Wampum: One of America's First Currencies | Bob Klein of Medici Capital


Wampum wove its way into the American vernacular as a slang term for money. A popular misconception is that wampum was used as money among native tribes in the northeastern United States. In fact, most native peoples didn’t use money at all and instead bartered for resources, and the story of how wampum became used as a currency is complicated.

Before delving into the history of how wampum went from bling to bounty, let’s answer the first question: what is wampum?  Wampum was decorative beads made from the shells of whelks and clams. From the whelks, a spiral-shaped sea snail, came white beads, and purple beads came from a clam called the quahog. While these shellfish were found in abundance along the waters from Cape Cod down to New York, part of the wampum’s value comes from the difficulty in its production.

Summer was harvest season for the clams, and after the meat was consumed, the shells were then worked into beads. An artisan would need to work carefully as a stone drill could shatter the clam. Once the shells have been cut and drilled into beads, they were strung onto either plant fiber or animal tendon and woven into a variety of adornments including belts, necklaces, and headpieces. 

To the indigenous peoples of North America, wampum denoted several things about the wearer: status, their obligation to their people, and even a spiritual message conveyed by the design of the beads. The scholar David Graeber writes in Debt: The First 5000 Years that “[wampum] was a representation of a value that could only be realized through its exchange.” In other words, wampum was priceless and didn’t have a commercial value until contact with European settlers. 

In 1622 a Dutch West India Company trader named Jacques Elekens took a Pequot chief hostage and demanded a large ransom in return. In exchange for the chief, 280 yards of wampum were delivered, thus changing the settler’s indifference to wampum. It is worth noting that the strings of wampum were not necessarily a “cash payment,” rather, they represented the symbolic value and status of the chief. Graeber notes, “there’s no evidence that even the Indians living in the closest proximity to Europeans used wampum to buy and sell things to one another.” The Pequots who had traded with the Dutch knew that sometimes they used glass beads and reasoned that they would perhaps appreciate wampum. 

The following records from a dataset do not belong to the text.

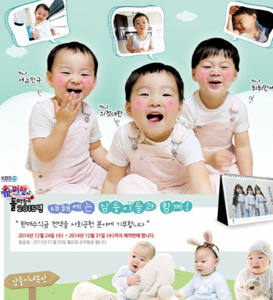 삼둥이 달력은 오는 24일부터 31일까지 예약 판매되며, 주문 수량을 파악 후 제작에 들어간다. 내년 1월 5일 이후 순차적으로 배송되며, 삼둥이 달력의 가격은 5500원이다.
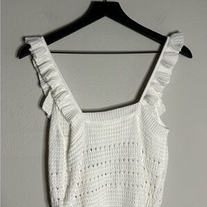 Crochet tank top with ruffle strap detail from 7 For All Mankind. Ecru (off white). Scoopneck. Pullover style. 100% cotton. Size XS. See photos for measurements. New with tags.
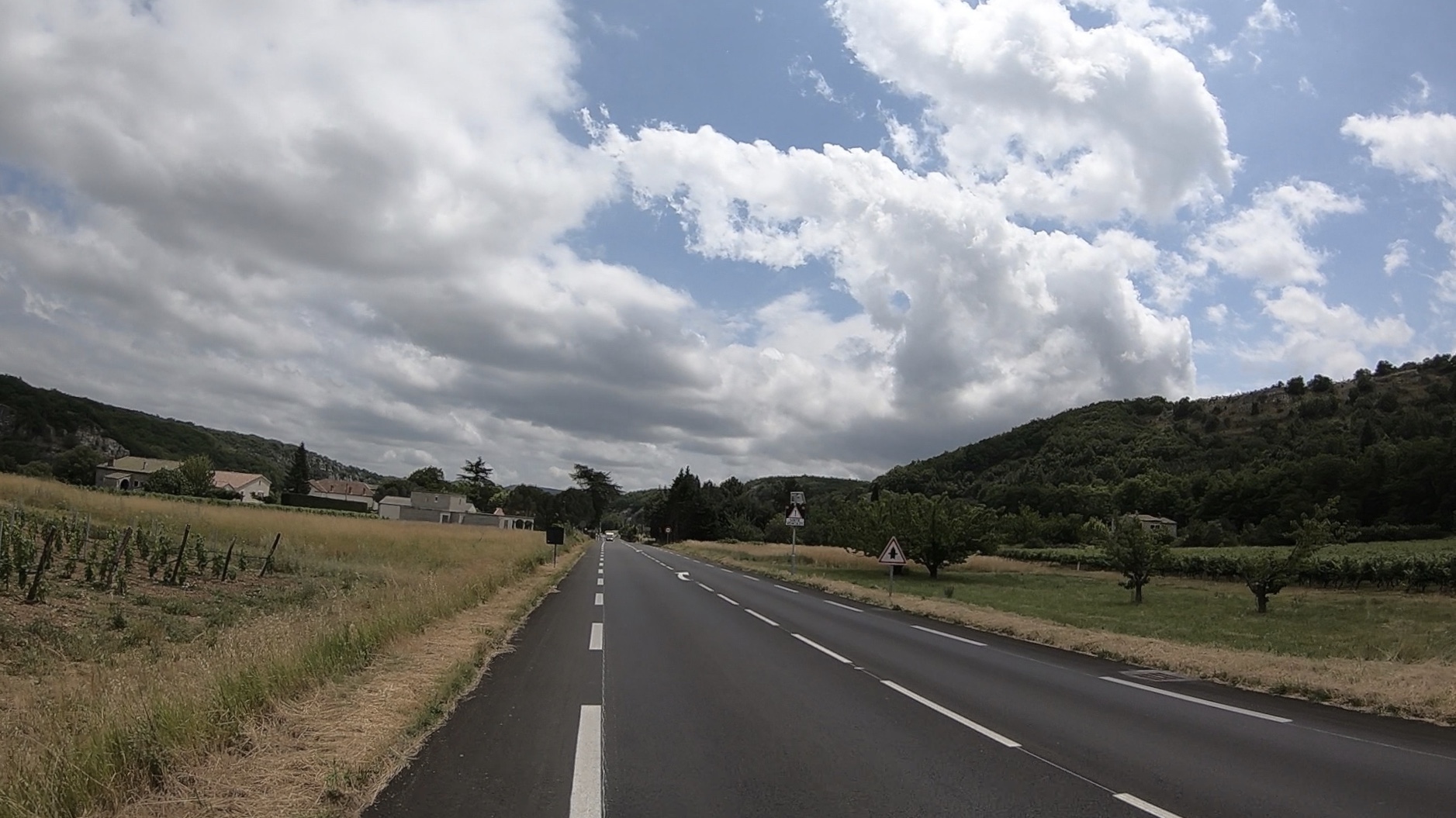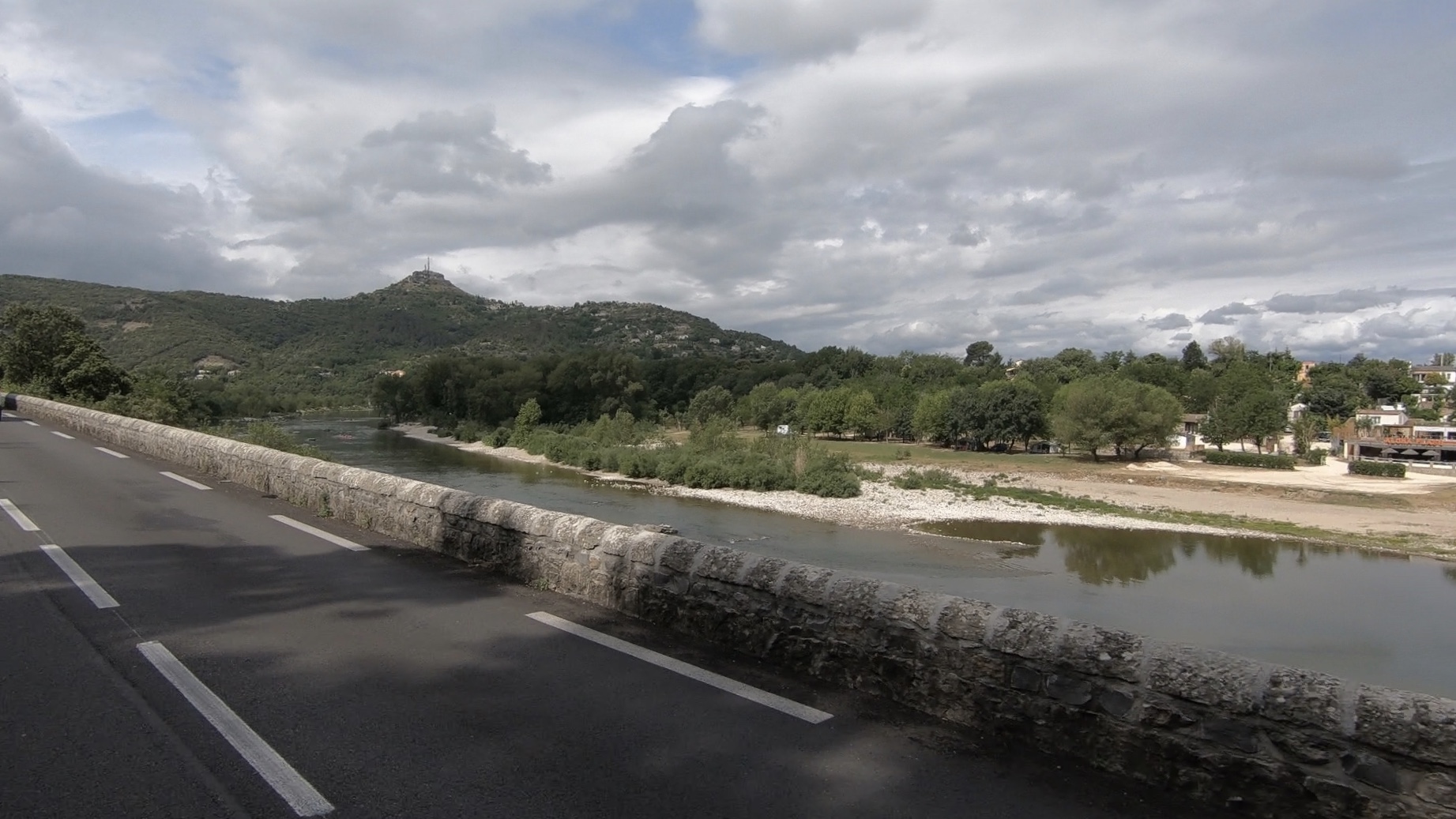 We slept well, conquered the coffee machine, ate the croissants we’d bought yesterday at Lidl, packed the panniers and left along the Ardèche river in the sunshine.
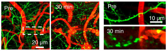 - Zhang, S.; Murphy, T.H. Imaging the impact of cortical microcirculation on synaptic structure and sensory-evoked hemodynamic responses in vivo. PLoS Biol. 2007, 5, e119. [Google Scholar] [CrossRef] [PubMed]
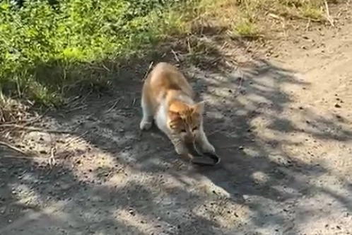 Olay, Kürtün ilçesine bağlı Demirciler köyünde meydana geldi. Arif Şen tarafından kaydedilen görüntülerde, bir kedinin doğada gördüğü yılanı kısa sürede etkisiz hale getirip avladığı anlar yer aldı. Kedinin çevik hamlelerle yılanı yakalayıp taşıdığı görüntüler sosyal medyada ilgi görürken, doğanın içindeki bu anlar izleyenlerin dikkatini çekti.

The Dutch first traded furs for wampum along the Hudson River and then used the wampum for their transactions with Native fur traders. Wampum became an important commodity, and because it was durable, portable, divisible, uniform, and limited in supply, it became the preferred coin substitute in the seventeenth-century fur trade. Wampum drew the attention of the more northern Native fur-trading nations who usually conducted business with the French. Without wampum, the French found it difficult to compete with the Dutch for furs. 

The business-savvy Dutch saw an opportunity to manufacture beads in the New World. Graeber writes, “English and Dutch colonists apparently found it a relatively simple matter to force [the Narragansetts and Pequots] to mass-produce the wampum beads, stringing them together in belts of pure white or pure purple and setting fixed rates of exchange with the Indians of the interior; so many fathoms of wampum for such and such a pelt.” Eventually, overproduction and lower quality beads flooded the markets. Traders were wary to accept the inferior wampum and discounted its value. 

Attempts to standardize the value of wampum eventually fell into the hands of the English. The Puritan Massachusetts Bay Colony officially recognized wampum as a currency and set formalized exchange rates on October 18, 1650. Strings of 8, 24, 96, and 480 beads were valued, respectively, at one, three, and twelve pence and five shillings. Because of their rarity, purple beads were worth twice as much as white ones, and for the next ten years, the standard exchange rates for wampum were stable. 

Wampum had a good run, but soon trade with the West Indies grew to be more lucrative than the fur trade. European silver and gold coins were imported to be used as currency in the islands and many of these coins made their way north and into the pockets of the New Englanders. There was no standard national currency. The value of a coin was determined by its weight in precious gold or silver. By the 1660s, the wampum valuation law was repealed and the value of wampum would be arbitrary dependent on individual agreement. In time, the colonies began minting their own coins and the use of wampum to pay for goods and services lost its appeal.